Review on InfoZoom

 

Presented on Feb 1, 2006


OverView

 

InfoZoom is a visualization software that enables users to display and quickly analyze large amount of tabular data.  Although InfoZoom is mainly designed for business analysis, it can be used in many other areas.  InfoZoom works like a zoom lens.  Users can easily magnify any section of information and quickly find the data dependencies hidden in dataset.

This software tool is developed by HumanIT, whose headquarter is in Bonn, Germany.  HumanIT is a wholly-owned subsidiary of the ERP provider, proALPHA Software AG, Weilerbach.

In this report, we will firstly discuss how to get this software and the data source format of InfoZoom.  Then we will investigate three view modes of Infozoon.  Finally, we will review some interesting and useful features of InfoZoom, including Filter, Derived Attributes, Color Coding and Graphics Report.

 

How to Get

 

You can get this software from http://www.infozoom.com/enu/download/index.htm.  InfoZoom Viewer is free, but you can only view InfoZoom files using it.  If you want to import datasets of yourself, you must download InfoZoom Light Edition.  You need buy it or just get a trial version of thirty days.

 

Data Source

 

InfoZoom defined a kind of file format used by itself whose suffix is foc, fox or fop.  It also provides an import tool to convert text file or Microsoft Excel file into InfoZoom file.  Moreover, users can access their data through ODBC or OLE DB connection.

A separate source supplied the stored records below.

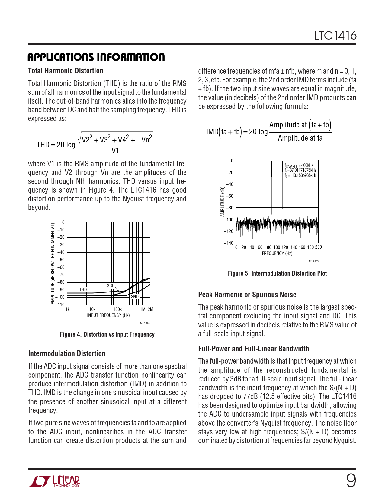 The full-power bandwidth is that input frequency at which If the ADC input signal consists of more than one spectral the amplitude of the reconstructed fundamental is component, the ADC transfer function nonlinearity can reduced by 3dB for a full-scale input signal. The full-linear produce intermodulation distortion (IMD) in addition to bandwidth is the input frequency at which the S/(N + D) THD. IMD is the change in one sinusoidal input caused by has dropped to 77dB (12.5 effective bits). The LTC1416 the presence of another sinusoidal input at a different has been designed to optimize input bandwidth, allowing frequency. the ADC to undersample input signals with frequencies If two pure sine waves of frequencies fa and fb are applied above the converter’s Nyquist frequency. The noise floor to the ADC input, nonlinearities in the ADC transfer stays very low at high frequencies; S/(N + D) becomes function can create distortion products at the sum and dominated by distortion at frequencies far beyond Nyquist. 9
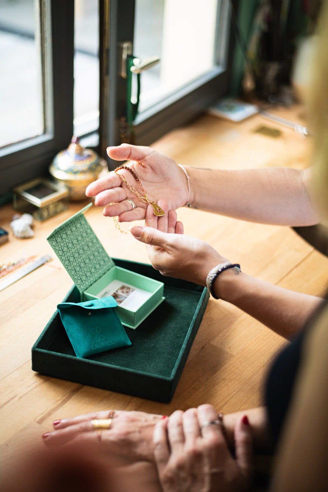 Tous les éléments rejoignent ensuite l’atelier LAURIE L., et la créatrice finalise l’assemblage de chaque bijou selon vos souhaits de commande.
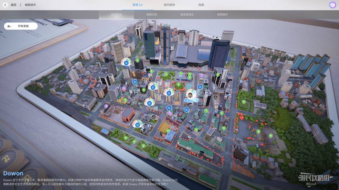 【M】快捷键可以打开【编辑城市】的详情页,此处可以看到城市里生活所有小人家庭,也可以调整城市的外观和各种数值。具体功能会在后续的【城市管理】进行说明。
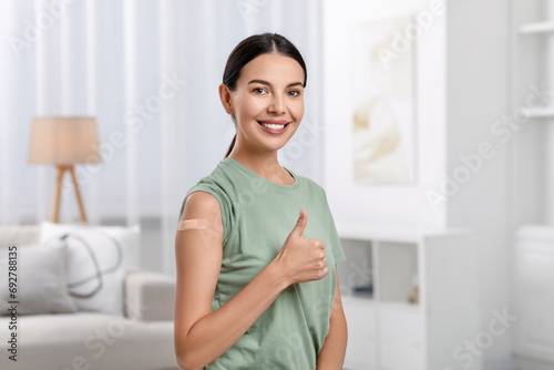 Woman with sticking plaster on arm after vaccination showing thumbs up at home
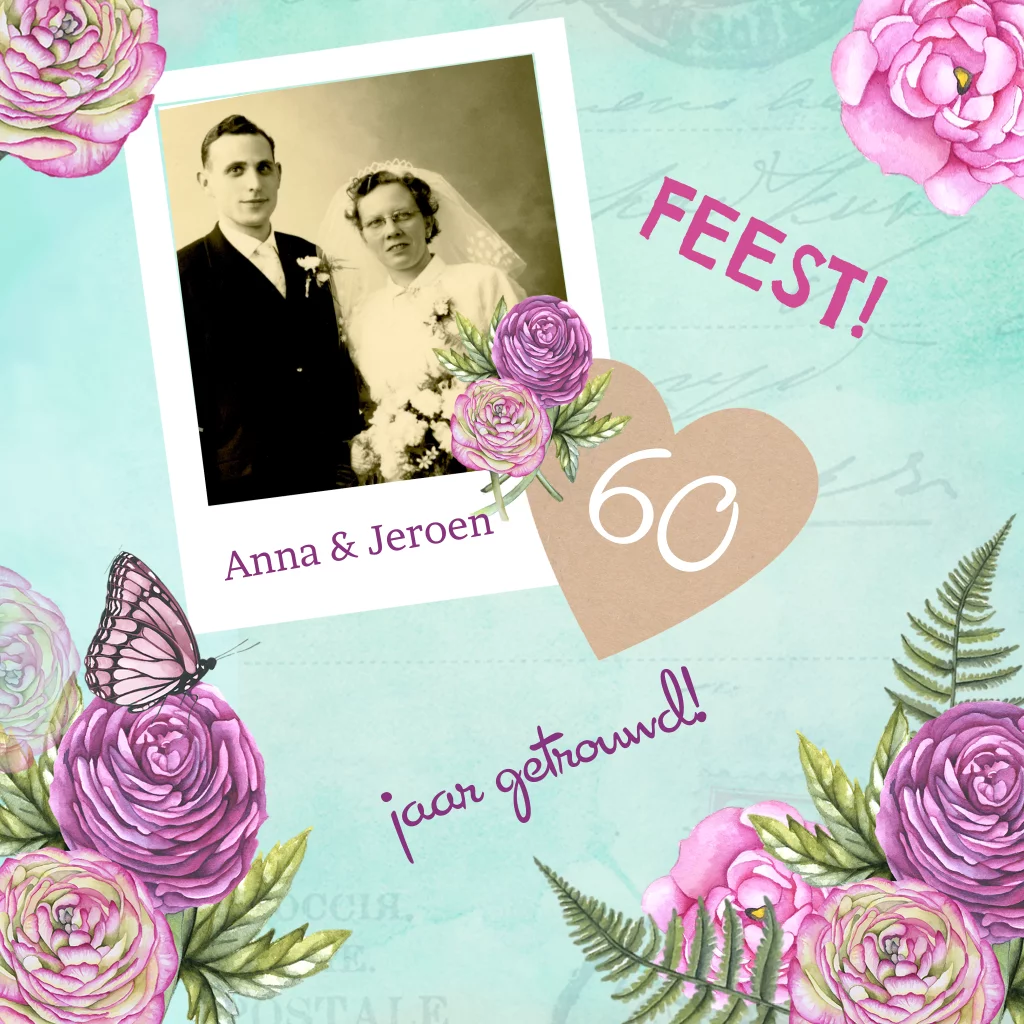 Uitnodiging huwelijksjubileum met mooie bloemen in aquarel versierd met een hartje. Voeg een mooie foto toe om het af te maken.
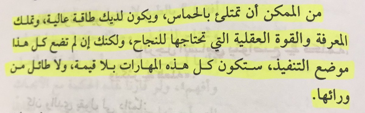 "من الممكن أن تمتلئ بالحماس، ويكون لديك طاقة عالية، وتملك المعرفة والقوة العقلية التي تحتاجها للنجاح، ولكنك إن لم تضع كل هذا موضع التنفيذ، ستكون كل هذه المهارات بلا قيمة، ولا طائل من ورائها."
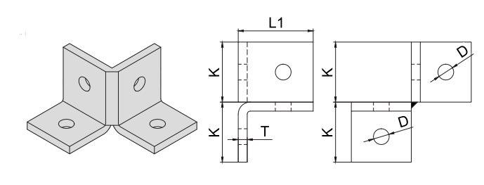 - Montážní úhelník s 2x2 otvory, rohový, 38–90°st., pozink
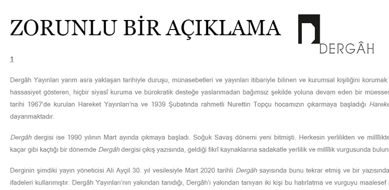 Dergâh Yayınlarından Zorunlu Açıklama
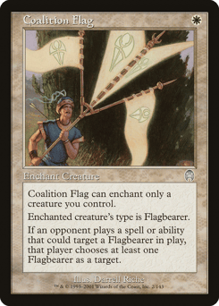 While an opponent is choosing targets as part of casting a spell they control or activating an ability they control, that player must choose at least one Flagbearer on the battlefield if able.
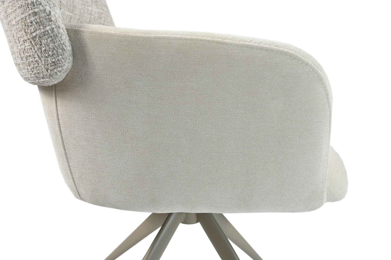 Стілець R-165 у відтінку “тофу” з основою кольору капучино — це ідеальний баланс елегантного дизайну та сучасної зручності. Його м’яка оббивка з шенілу приємна на дотик і довговічна, а ергономічна форма з підлокітниками забезпечує максимальний комфорт під час сидіння.
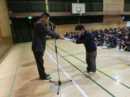 1・2年は、確実に宿題をこなすとともに、部活動に燃え、家庭での役割も果たしてほしいと思います。万引きや喫煙など、犯罪や軽はずみな行動は絶対に避けてください。1月すぐにチャレンジテストもあるので、準備をお願いします。
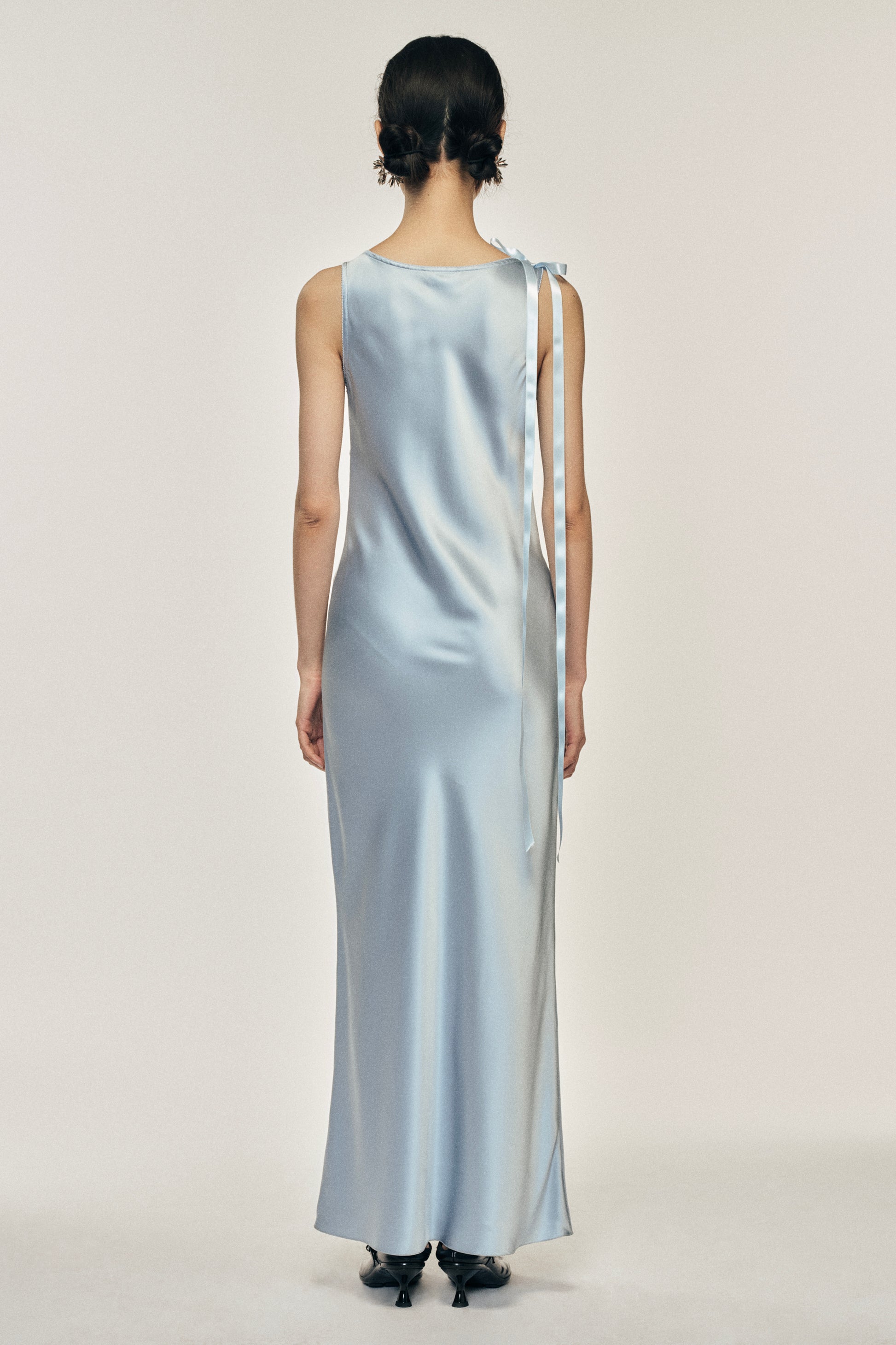 A simple scoop neck maxi length dress featuring a bow ribbon detail at the shoulder. Like the runway, it can be paired with the Long Faux Fur Hare Scarf.

To demo Infozoom, I downloaded Cars dataset from http://lib.stat.cmu.edu/datasets/ and converted it into Microsoft Excel file, and then imported into InfoZoom.  This dataset descried 392 cars.  Each car has seven attributes, including MPG, Cylinders, Horsepower, Weight, Acceleration, Year and Origin(1,3,'USA','Japan','Europe').

 

Three View Modes

 

InfoZoom provides three view modes.  They are wide table, compressed table and overview.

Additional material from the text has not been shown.